For the thousands of Monmouth County residents living with diabetes, there’s help available through the Diabetes Management Center at Riverview Medical Center in Red Bank. The center, which has been granted national recognition from the American Diabetes Association, is based on high-quality diabetes self-management education given by trained medical professionals to all participants.
“Diabetes is on the rise because of our lifestyles,” says Cindy Andl, a registered nurse (RN) and certified diabetes educator (CDE) with the Diabetes Management Center, which was founded in 1991. “Many people eat fatty or processed food, are overweight and don’t get enough exercise, and those people are at higher risk for diabetes.”
To participate in the Diabetes Management Program, you must have a prescription from a doctor.
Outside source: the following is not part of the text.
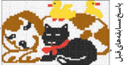
پاسخ مسابقه های قبل

«ویل شورتز» که آن زمان از دست اندرکاران مجله معروف گیمز و طراح معماهای رادیوی دولتی آمریکا بود، با پشتیبانی ناشر مجله و انتشارات تایمز بوکس در سال ۱۹۹۱ با تعدادی از نهادهایی که می توانستند برگزار کننده مسابقات باشند

The program treats those with three types of diabetes: type 1, which is also referred to as juvenile diabetes because it often, though not always, develops during childhood or adolescence (5 to 10 percent of cases); type 2, the most common form, which can sometimes have no noticeable symptoms; and gestational diabetes, which occurs exclusively in expectant mothers, usually during later pregnancy. Symptoms of diabetes can include the following: fatigue; increased thirst; increased urination; dry skin; recurring infections; nausea; vomiting; and feeling listless and lethargic.
There are an additional 41 million Americans with pre-diabetes, which occurs when blood glucose levels are elevated above normal but are not high enough for a diagnosis of type 2 diabetes. The Diabetes Management Program also treats pre-diabetic patients, providing meal planning and suggested exercise routines that can help prevent diabetes or, at the least, delay its onset. “The problem is, there might not be any signs until the numbers are in the 200-300 range,” Andl says. “We need people going to the doctor on an annual basis, and if you are pre-diabetic, you need to make a lifestyle change. We have to get people to be their own health advocates.”
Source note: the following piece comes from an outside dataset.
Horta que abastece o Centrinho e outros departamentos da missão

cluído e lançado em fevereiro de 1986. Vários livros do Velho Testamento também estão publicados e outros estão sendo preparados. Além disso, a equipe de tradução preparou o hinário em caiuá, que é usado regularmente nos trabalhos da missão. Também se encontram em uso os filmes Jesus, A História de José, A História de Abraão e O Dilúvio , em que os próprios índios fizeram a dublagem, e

During the first visit to the Diabetes Management Program, the staff will conduct a thorough one-on-one assessment to determine the person’s individual needs and where the education process should begin.
“We explain what’s going on in the body so the patient knows why they’re being asked to change their diet, why they have to take medication and why they need to be sure to visit the dentist and eye doctor regularly,”
“We explain what’s going on in the body so the patient knows why they’re being asked to change their diet, why they have to take medication and why they need to be sure to visit the dentist and eye doctor regularly,” Andl says. “We teach them how and when to test their blood sugar levels, how to help lower their blood sugar levels, when to notify the doctor if the levels are too high, when to exercise, etc.”
The participant also receives his or her own personal meal plan – created by one of the center’s registered dieticians or certified diabetes educators – to control blood sugar and promote general health. “We don’t like to tell them they can’t eat what they want to,” says Mary Higgins, MS, the center’s registered dietician (RD) and a CDE. “We come up with numbers they can target, but there’s no one-size-fits-all diet.”
Following that first meeting, participants are asked to track their blood glucose level using a log sheet, which can help determine trigger points for their condition. After a month of tracking, they return to the Riverview to go over the log and see if any adjustments need to be made to their diet/health plan, as well as to discuss such issues as “how to handle sick days” and “how to manage diabetes while traveling.”
A second followup visit is then scheduled to make sure there are no further complications and to help with stress management and problem solving. Participants are free to attend further classes, which are scheduled for both day and evenings, that will reinforce this educational process with more detailed information such as how to prevent complications, what to look for in food labels, what to order in a restaurant and more.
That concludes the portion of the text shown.